◆ Task directions ◆
Write the data out again, character for character, with no images.

◆ Source data ◆
++++++++++

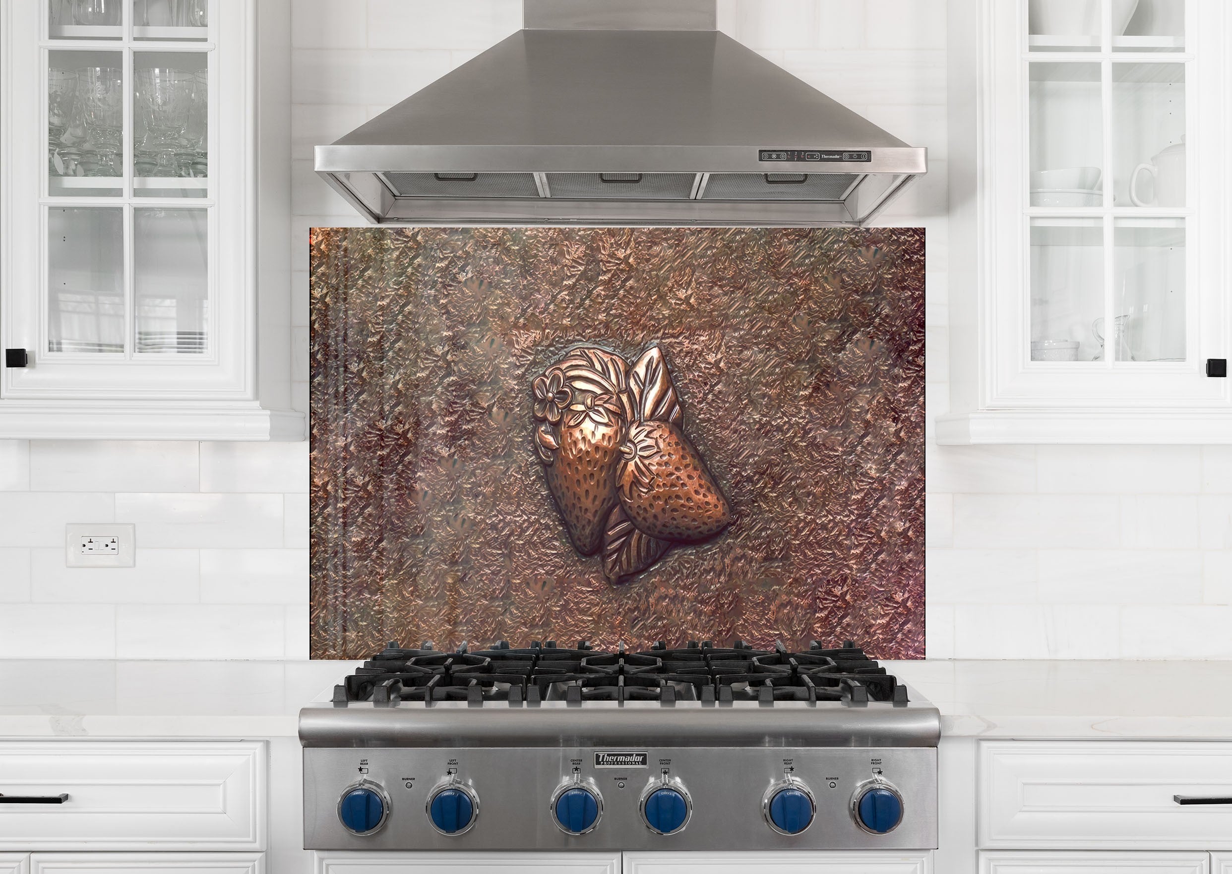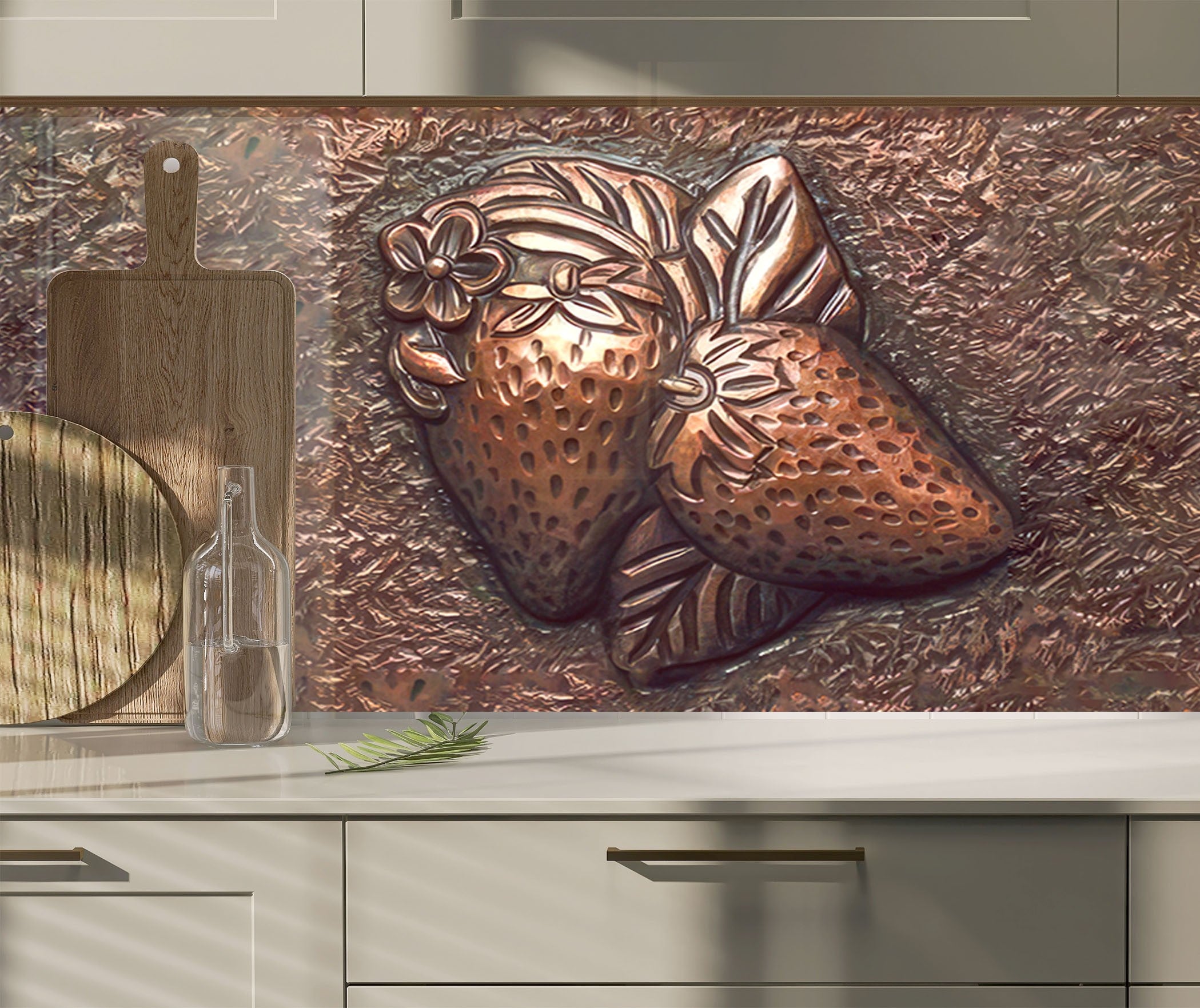 Elegant Strawberry Glass Kitchen Backsplash – Metallic Fruit Design
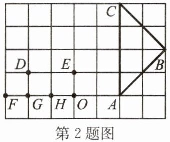 2. 如图,若 A,B,C,D,E,F,G,H,O 都是$5×7$方格纸中的格点,为使$△ DME∽△ ABC$,则点 M 应是 F,G,H,O 四点中的(
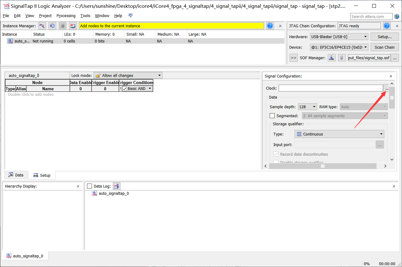 13、回到Signaltap界面点击下载按钮下载程序,如图4-13所示。
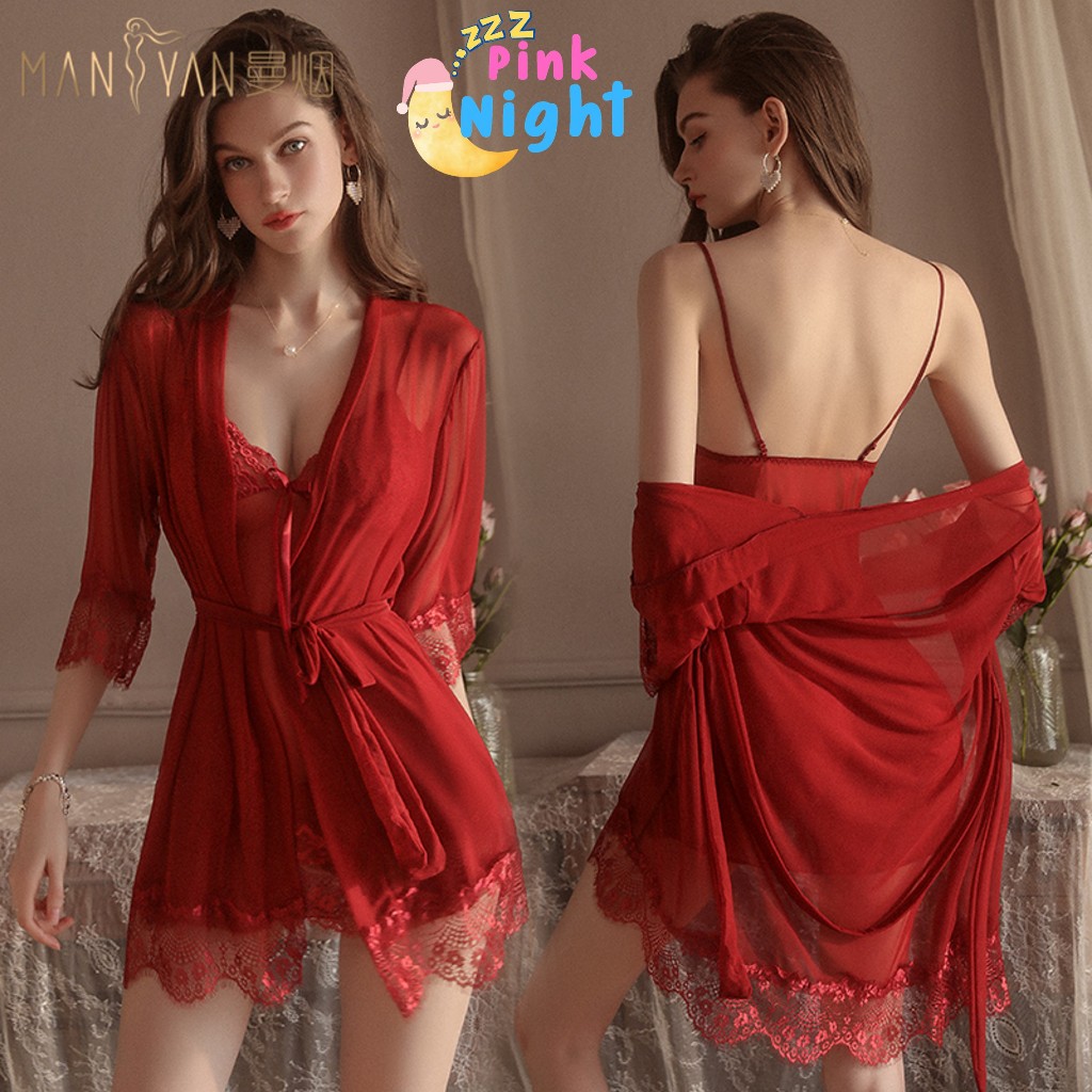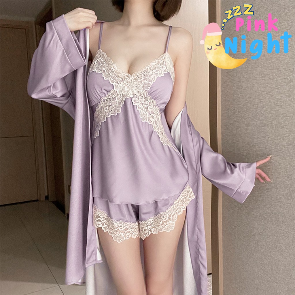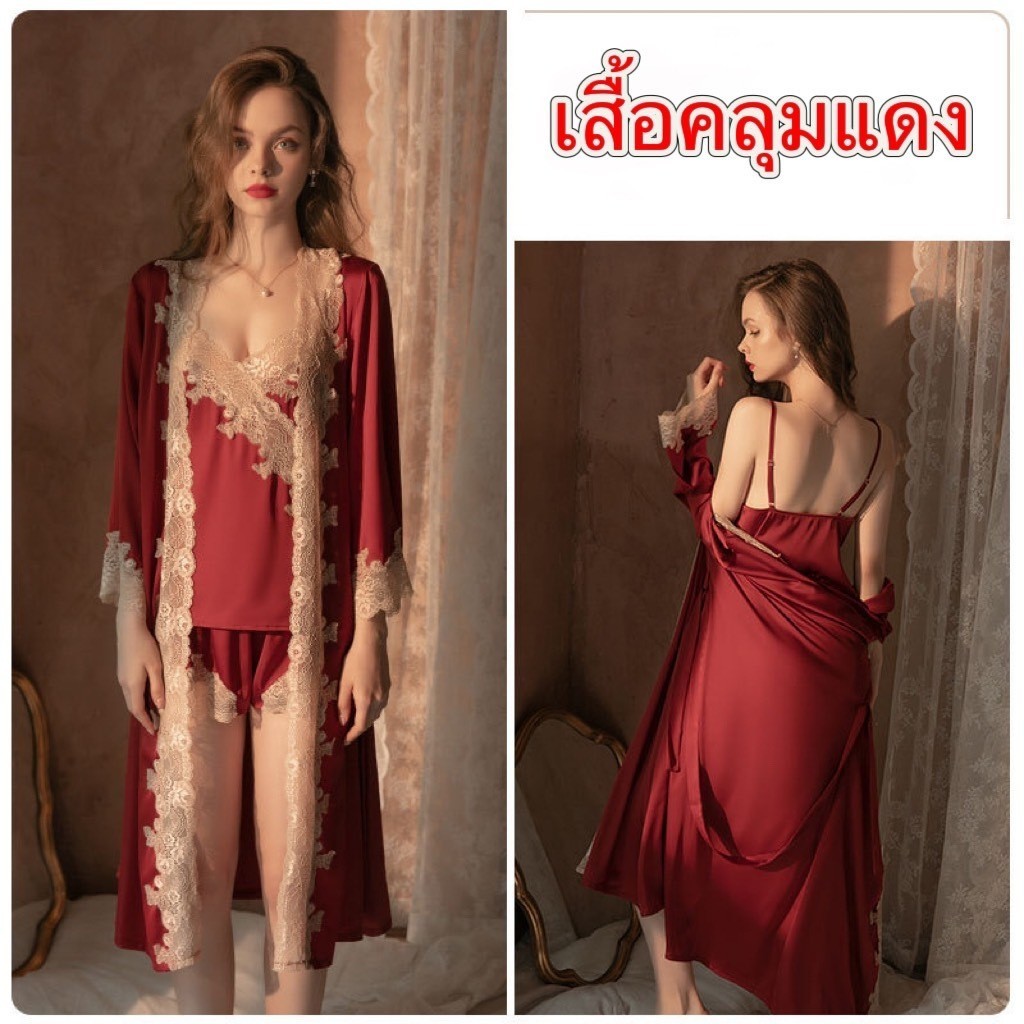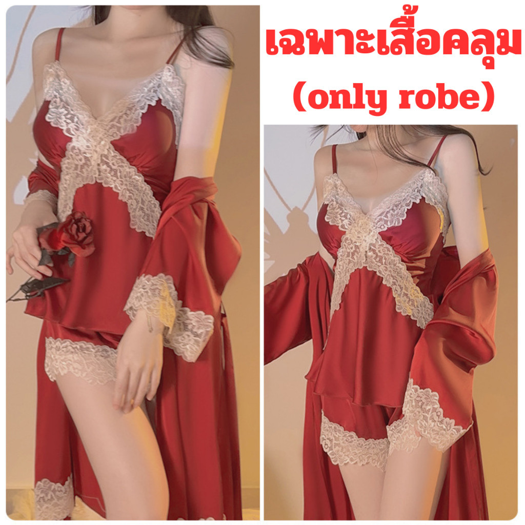 PINK NIGHT ชุดคลุมนอนแฟชั่น ชุดคลุมนอน ชุดคลุมคาดเอว 💖ไซต์ M-2XL นน 40-80kg ชุดคลุมแขนยาวน่ารัก SET-497

++++++++++

◆ Task answer ◆
 Elegant Strawberry Glass Kitchen Backsplash – Metallic Fruit Design
 2. 如图,若 A,B,C,D,E,F,G,H,O 都是$5×7$方格纸中的格点,为使$△ DME∽△ ABC$,则点 M 应是 F,G,H,O 四点中的(
 13、回到Signaltap界面点击下载按钮下载程序,如图4-13所示。
 PINK NIGHT ชุดคลุมนอนแฟชั่น ชุดคลุมนอน ชุดคลุมคาดเอว 💖ไซต์ M-2XL นน 40-80kg ชุดคลุมแขนยาวน่ารัก SET-497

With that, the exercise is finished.